→ Instructions to follow:
When you reach the line with "素材・材質フード本体:ステンレスSUS430" in the records below, begin transcribing exactly and continue up to and including the line with "Vendo potro joven", leaving out every picture.

→ Task input:
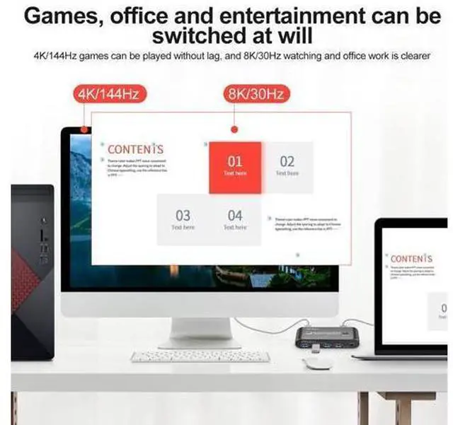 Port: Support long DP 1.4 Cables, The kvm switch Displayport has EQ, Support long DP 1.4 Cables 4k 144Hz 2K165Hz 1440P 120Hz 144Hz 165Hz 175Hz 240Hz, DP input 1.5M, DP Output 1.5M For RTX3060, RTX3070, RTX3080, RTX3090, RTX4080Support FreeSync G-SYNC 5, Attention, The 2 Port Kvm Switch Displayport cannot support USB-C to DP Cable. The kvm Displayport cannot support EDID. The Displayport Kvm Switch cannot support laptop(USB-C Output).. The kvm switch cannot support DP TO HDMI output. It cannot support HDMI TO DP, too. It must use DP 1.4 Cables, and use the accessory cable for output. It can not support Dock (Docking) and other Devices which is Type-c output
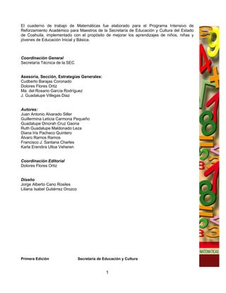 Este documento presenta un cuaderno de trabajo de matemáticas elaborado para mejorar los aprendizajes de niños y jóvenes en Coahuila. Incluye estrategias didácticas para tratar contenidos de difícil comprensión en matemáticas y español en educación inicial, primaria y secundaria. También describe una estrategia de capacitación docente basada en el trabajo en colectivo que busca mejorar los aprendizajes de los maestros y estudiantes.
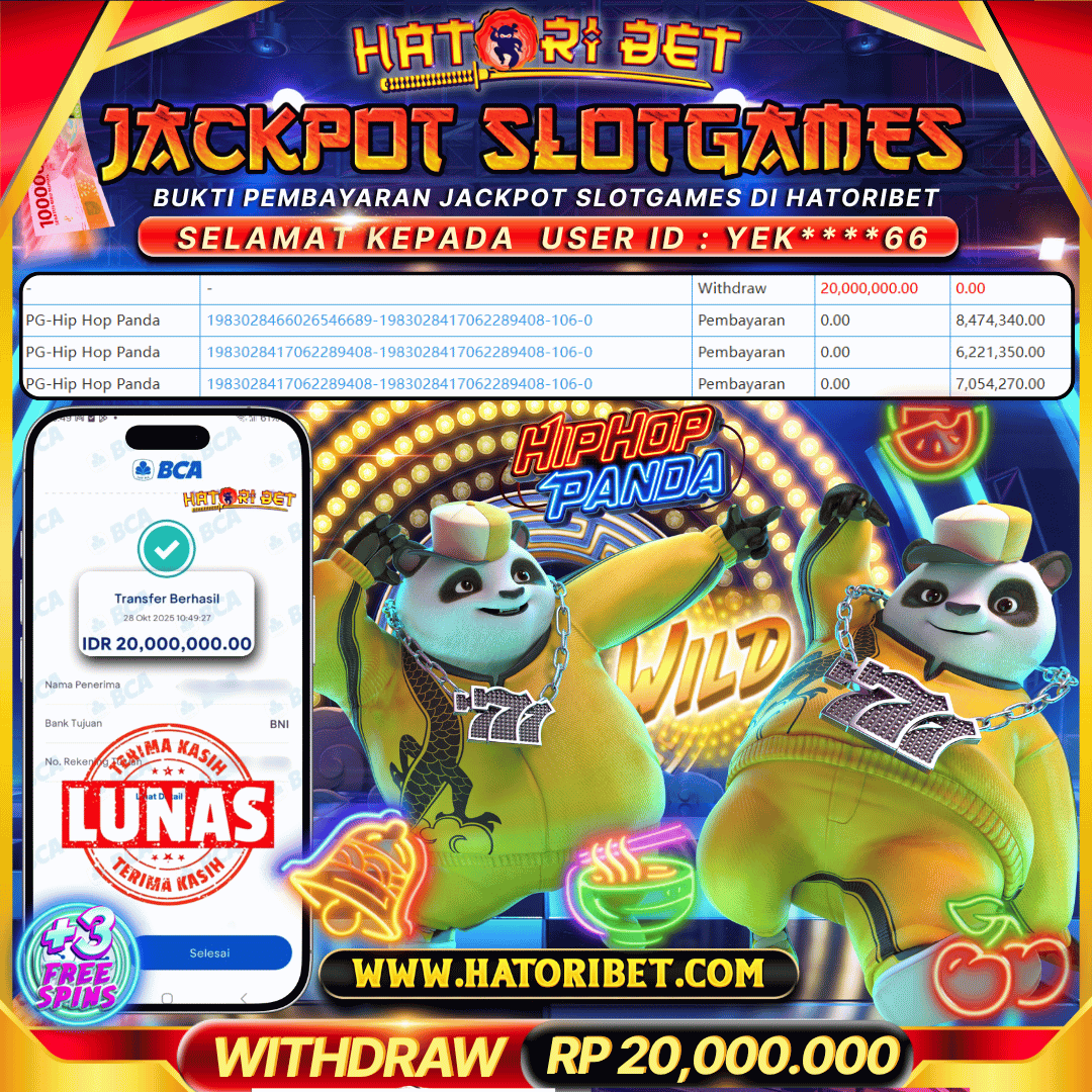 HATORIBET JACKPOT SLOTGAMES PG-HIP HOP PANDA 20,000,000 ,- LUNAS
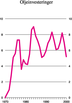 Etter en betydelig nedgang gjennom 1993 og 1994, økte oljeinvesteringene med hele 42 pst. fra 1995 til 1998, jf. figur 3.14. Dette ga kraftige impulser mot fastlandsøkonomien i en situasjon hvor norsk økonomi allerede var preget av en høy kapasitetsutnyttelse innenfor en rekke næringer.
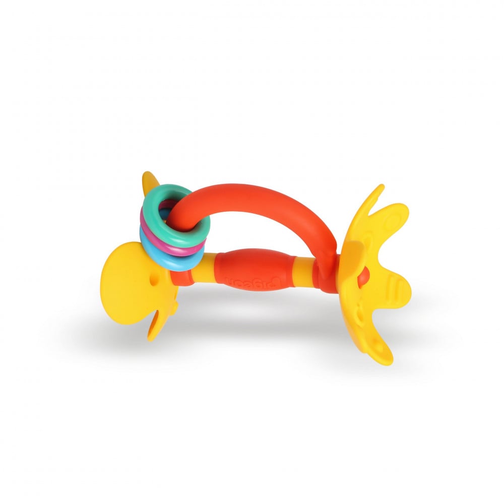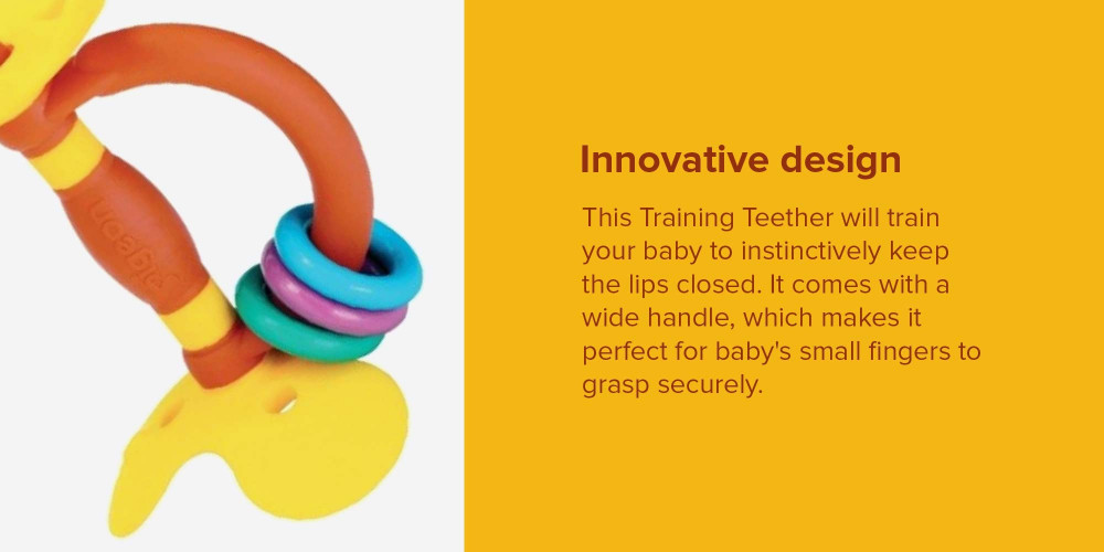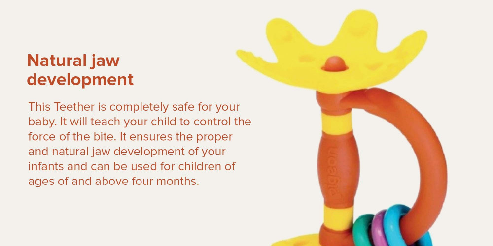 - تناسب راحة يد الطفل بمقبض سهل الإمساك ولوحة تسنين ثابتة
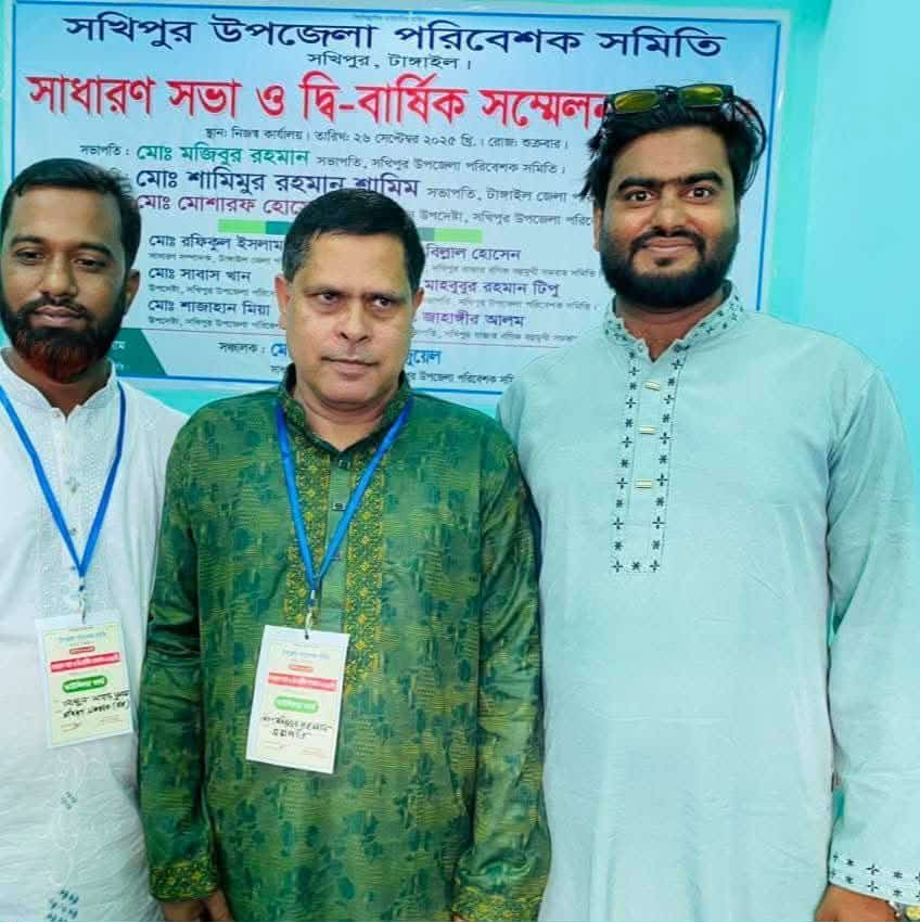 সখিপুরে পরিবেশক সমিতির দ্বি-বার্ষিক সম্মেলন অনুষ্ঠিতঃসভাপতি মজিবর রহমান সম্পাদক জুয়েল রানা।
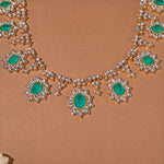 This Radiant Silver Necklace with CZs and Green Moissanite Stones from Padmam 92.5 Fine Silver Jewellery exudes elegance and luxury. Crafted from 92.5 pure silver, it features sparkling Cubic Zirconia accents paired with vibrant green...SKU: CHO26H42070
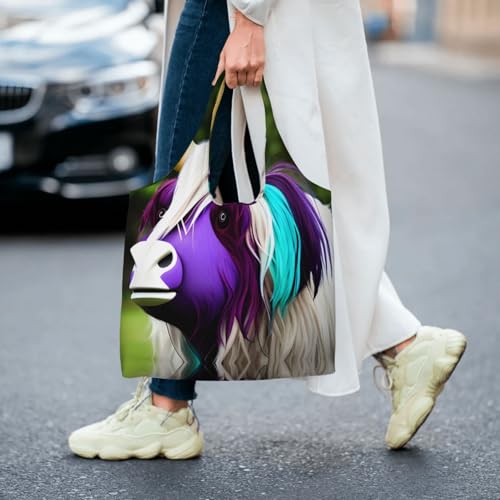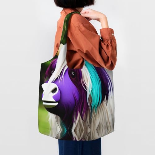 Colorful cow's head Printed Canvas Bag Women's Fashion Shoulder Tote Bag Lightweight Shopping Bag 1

==

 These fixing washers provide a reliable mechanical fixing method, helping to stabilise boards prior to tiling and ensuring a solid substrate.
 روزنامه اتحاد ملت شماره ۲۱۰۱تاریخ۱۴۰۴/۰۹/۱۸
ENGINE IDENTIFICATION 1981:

---

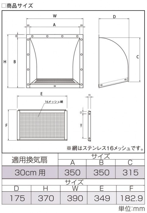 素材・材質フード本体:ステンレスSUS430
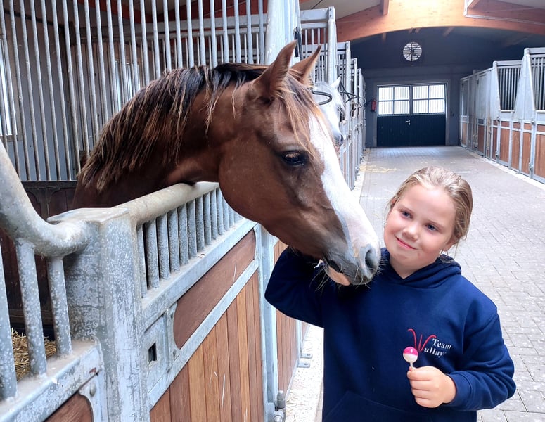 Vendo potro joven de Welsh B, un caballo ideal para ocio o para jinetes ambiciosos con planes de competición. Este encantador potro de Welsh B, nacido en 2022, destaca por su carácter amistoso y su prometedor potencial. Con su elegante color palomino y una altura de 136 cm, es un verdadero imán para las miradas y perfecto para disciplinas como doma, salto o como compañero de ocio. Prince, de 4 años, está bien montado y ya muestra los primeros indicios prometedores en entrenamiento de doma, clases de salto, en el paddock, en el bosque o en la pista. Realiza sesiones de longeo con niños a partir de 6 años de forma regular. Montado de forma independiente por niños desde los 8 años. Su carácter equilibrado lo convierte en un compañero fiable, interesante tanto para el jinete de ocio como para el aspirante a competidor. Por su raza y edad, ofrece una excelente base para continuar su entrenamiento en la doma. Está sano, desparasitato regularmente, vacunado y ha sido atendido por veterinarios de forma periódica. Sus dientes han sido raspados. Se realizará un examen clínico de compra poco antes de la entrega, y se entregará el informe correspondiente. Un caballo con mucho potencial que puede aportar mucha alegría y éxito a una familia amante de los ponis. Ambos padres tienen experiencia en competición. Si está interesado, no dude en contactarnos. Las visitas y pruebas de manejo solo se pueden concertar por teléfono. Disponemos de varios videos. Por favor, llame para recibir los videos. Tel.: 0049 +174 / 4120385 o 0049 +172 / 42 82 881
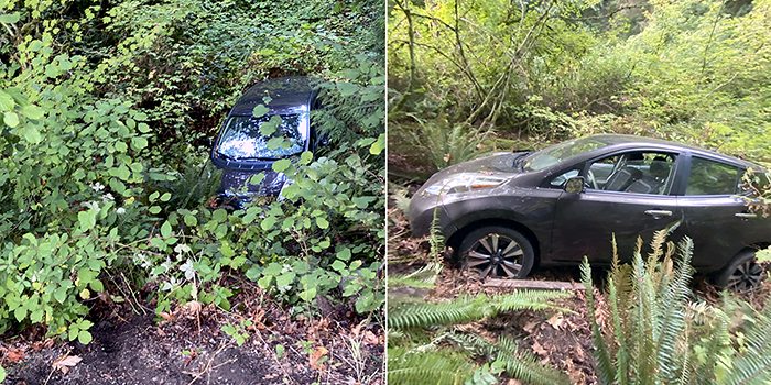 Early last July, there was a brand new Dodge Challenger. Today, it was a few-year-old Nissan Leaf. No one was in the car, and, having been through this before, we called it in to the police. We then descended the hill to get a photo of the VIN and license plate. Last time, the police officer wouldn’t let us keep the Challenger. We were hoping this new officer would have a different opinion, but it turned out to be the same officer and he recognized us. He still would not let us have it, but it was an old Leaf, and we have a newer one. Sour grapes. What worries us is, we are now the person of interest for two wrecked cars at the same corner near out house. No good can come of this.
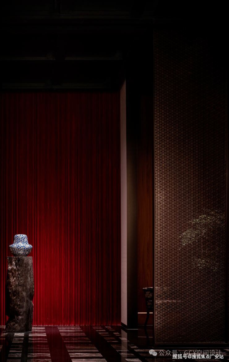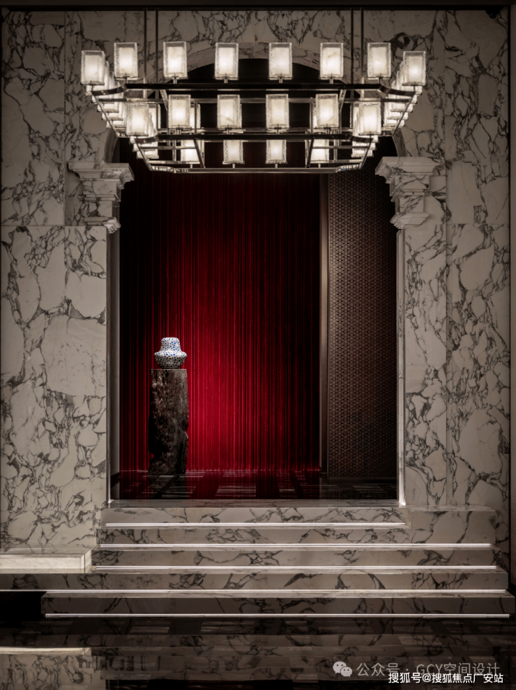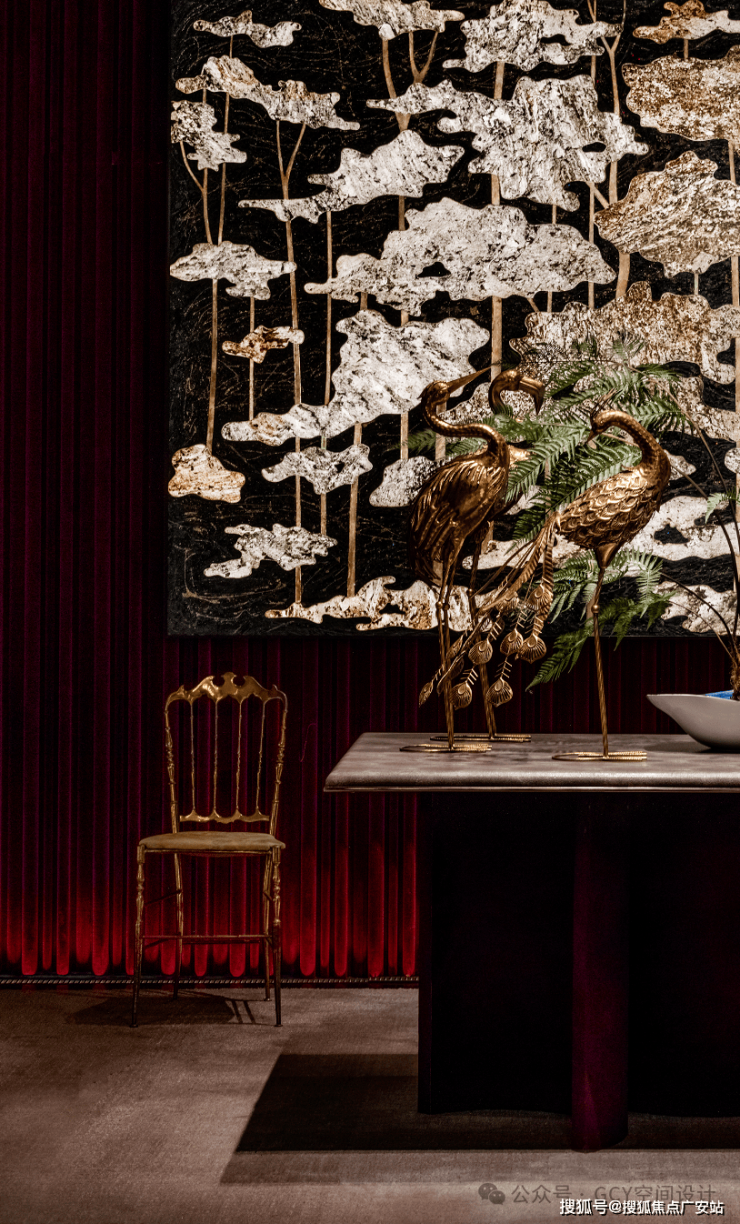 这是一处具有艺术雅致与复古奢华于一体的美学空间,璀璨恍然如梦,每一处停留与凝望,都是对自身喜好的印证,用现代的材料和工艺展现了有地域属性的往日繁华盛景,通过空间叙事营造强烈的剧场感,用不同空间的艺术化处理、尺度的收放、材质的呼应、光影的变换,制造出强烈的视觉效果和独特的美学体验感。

→ Final answer:
 素材・材質フード本体:ステンレスSUS430
 Vendo potro joven de Welsh B, un caballo ideal para ocio o para jinetes ambiciosos con planes de competición. Este encantador potro de Welsh B, nacido en 2022, destaca por su carácter amistoso y su prometedor potencial. Con su elegante color palomino y una altura de 136 cm, es un verdadero imán para las miradas y perfecto para disciplinas como doma, salto o como compañero de ocio. Prince, de 4 años, está bien montado y ya muestra los primeros indicios prometedores en entrenamiento de doma, clases de salto, en el paddock, en el bosque o en la pista. Realiza sesiones de longeo con niños a partir de 6 años de forma regular. Montado de forma independiente por niños desde los 8 años. Su carácter equilibrado lo convierte en un compañero fiable, interesante tanto para el jinete de ocio como para el aspirante a competidor. Por su raza y edad, ofrece una excelente base para continuar su entrenamiento en la doma. Está sano, desparasitato regularmente, vacunado y ha sido atendido por veterinarios de forma periódica. Sus dientes han sido raspados. Se realizará un examen clínico de compra poco antes de la entrega, y se entregará el informe correspondiente. Un caballo con mucho potencial que puede aportar mucha alegría y éxito a una familia amante de los ponis. Ambos padres tienen experiencia en competición. Si está interesado, no dude en contactarnos. Las visitas y pruebas de manejo solo se pueden concertar por teléfono. Disponemos de varios videos. Por favor, llame para recibir los videos. Tel.: 0049 +174 / 4120385 o 0049 +172 / 42 82 881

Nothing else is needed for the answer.